そんな心を持っているようでは、このような卑怯なことをするくらい予想できていた。
ズィーベが考えうる全てに対処していたフュンは、ズィーベが動き出す前にすでに後ろ手に剣を回して、首に剣を突きつけていた。
そして・・・・・。
フュンはそこから体を回転させて刃を滑らせる。
「ズィーベ。君を生かす道は君の行いのせいで、最初から無くなっていたんだよ……僕だって、君を生かす方向に動きたかった……でもその心では無理だ。それに君はこのまま帝国に行くと、惨い死に方をするだろう。僕らは属国の王子。生殺与奪の権利はあちらにあるんだ。僕らはなすがまま。言われたままに動かないといけないんだよ。サナリアはね・・・」
最後の言葉は優しい口調だった。
「だからせめて苦しまずに・・・僕の手で。君はサナリアのために、サナリアと共に消えてくれ。お別れだ。さよなら・・・・僕の・・・・僕のたった一人の弟よ。また会おう。でもその時は敵じゃないよ。その時は今度こそ兄弟だからね。ズィーベ」
ズィーベは、最期にフュンの悲痛な表情を見て、今にも消え入りそうな声を聞いたのでした。

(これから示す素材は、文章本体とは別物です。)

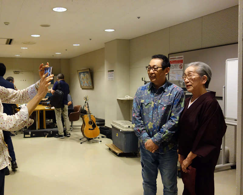 はじめてご対面の、さださんと村田香葉。うしろから支えているのは義理の妹(彼女も大のさだまさしファン)
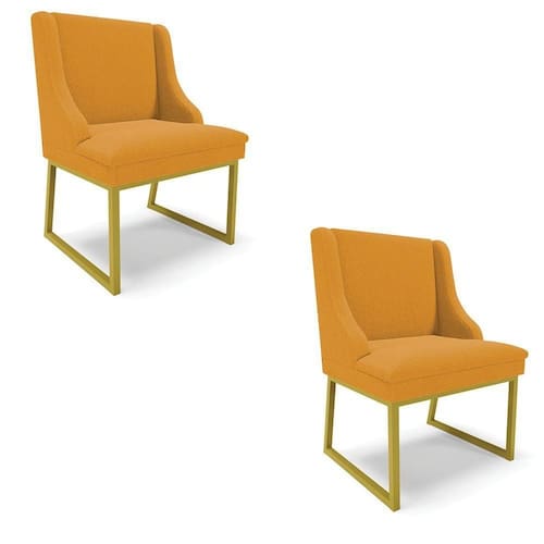 Dê um novo ar à sua sala de jantar e cozinha com a Cadeira Liz, uma opção perfeita para quem valoriza estilo, conforto e durabilidade. Com um design moderno e sofisticado, essa cadeira eleva a elegância de qualquer espaço, seja na sala de jantar ou na cozinha. Sua base metálica industrial em dourado e o revestimento em tecido Bouclê Mostarda harmonizam facilmente com diversos estilos de decoração, tornando sua mesa. Fabricada com madeira de eucalipto e pinus, a Cadeira Liz não é apenas robusta e capaz de suportar até 120 kg, mas também ecologicamente responsável. Seu acabamento impecável inclui espuma de alta qualidade D-23, proporcionando um assento confortável para que você possa desfrutar de cada refeição com prazer sendo ideal para jantares prolongados em família. Além de sua qualidade superior, a Cadeira Liz é leve e fácil de movimentar, sendo perfeita para cozinhas e salas de jantar de todos os tamanhos. Não perca a chance de renovar seu ambiente com uma cadeira que combina beleza, funcionalidade e um preço acessível. Garanta seu Kit 2 Poltronas antes que o estoque acabe e transforme seu espaço, leve para casa uma peça que vai transformar seu ambiente! Dimensões do Produto: Altura Total: 85 cm Largura Total: 55 cm Profundidade Total: 55 cm Peso: 15 kg Outras medidas: Altura do Encosto: 40 cm Largura do Assento: 45 cm Profundidade do Assento: 50 cm Altura do chão ao Assento: 45 cm Especificações do Produto: Estrutura: Madeira Eucalipto Espuma: D-23 Tecido: Bouclê Peso Suportado: Até 120 Kg Tipo de Pés: Base Metálica Industrial Dourado Complexidade da Montagem: Baixo Montagem: O produto vai montado, apenas parafusar a base Garantia: 90 dias contra defeito de fabricação Instruções de Limpeza: Utilizar um pano limpo e levemente úmido Você irá Receber: 02 Cadeiras Sala de Jantar - Entregue em: 02 Volumes
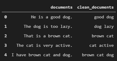 a1 = “He is a good dog.”a2 = “The dog is too lazy.”a3 = “That is a brown cat.”a4 = “The cat is very active.”a5 = “I have brown cat and dog.”df = pd.DataFrame()df[“documents”] = [a1,a2,a3,a4,a5]
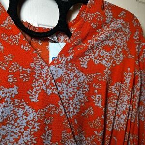 Chic long sleeve dress with a deep V-neck. Features a rust and lavender floral pattern. Stylish layered skirt with a tie waist.
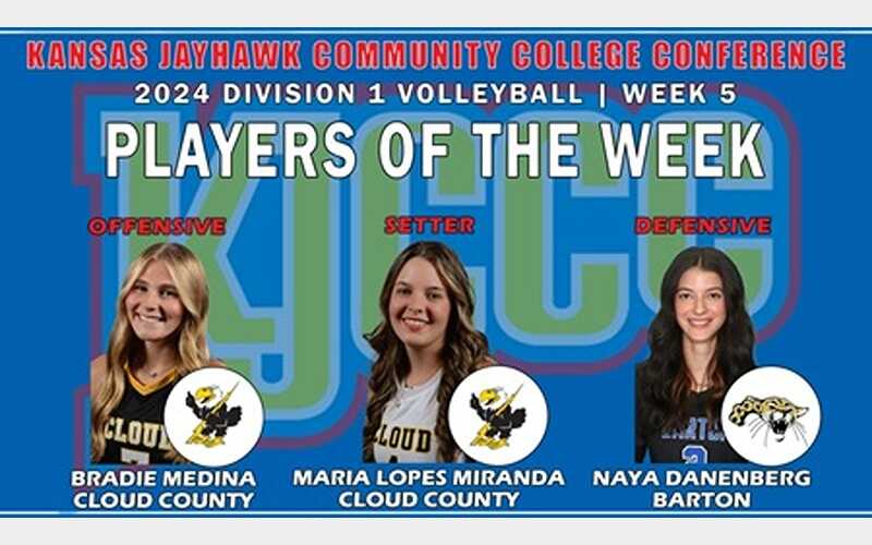 COLBY, Kan. (KJCCC.org) - A trio of fresh faces highlight this week’s Kansas Jayhawk Community College Conference Division 1 Volleyball Player of the Week Awards with Cloud County’s Bradie Medina (offensive), Maria Lopes Miranda (setter) and Barton’s Naya Danenberg (defensive) earning week five honors... Read More.

「・・・あ、あに・・・うえ? あ・・・あ・・・あにう・・・え」
こうして、サナリア王国二代目ズィーベ王は、その兄フュン・メイダルフィアによって倒された。
短き生涯で、享年18歳である。
亡くなった時、そのそばにいた者は一人もいない。
誰も寄り添う者がいない悲しい最期であった。
だが、それも自業自得と呼ぶべきものだった。
18年しかない人生でも、誰かを大切にしていれば、一人や二人くらい大切な人がいたであろうから・・・。
サナリア王国はここで終わりを迎えたのでした。
―――あとがき―――
ここは賛否があると思います。
以前にも、編集する前の第一部でも賛否がありました。
しかし、これは後に繋がる重要な分岐点となってますので。
ここでズィーベには死んでもらわなくてはなりません。
ここだけは変えられないので、ご了承ください。
そして、この出来事が、フュンの人格形成の最後のピースです。
ミランダを師に持ち、シゲマサに思いを託されて。
ルイスからは政治を、シルヴィアからは技を継承しました。
ここからの彼は揺るぎない決意を胸に秘めて戦っていきます。
人質から脱却し。
サナリア王国からの縛りから解放されて。
彼は帝国中枢へと入っていきます。
物語はここから複雑になっていきます。
ここまでに出てきた戦い。
王国対帝国。
御三家の戦い。
そして裏に潜む何らかの組織。
これらが複雑に絡み合うのが第二部となります。
第一部終了まであと少しです。
エピローグのような話が入りますが楽しんでもらえたら嬉しいです。
これからも面白いと思ってもらえるような楽しい小説にしていきたいと思ってます。
体調等に気を付けて、少しずつ頑張っていきます。
ではまたお会いしましょう。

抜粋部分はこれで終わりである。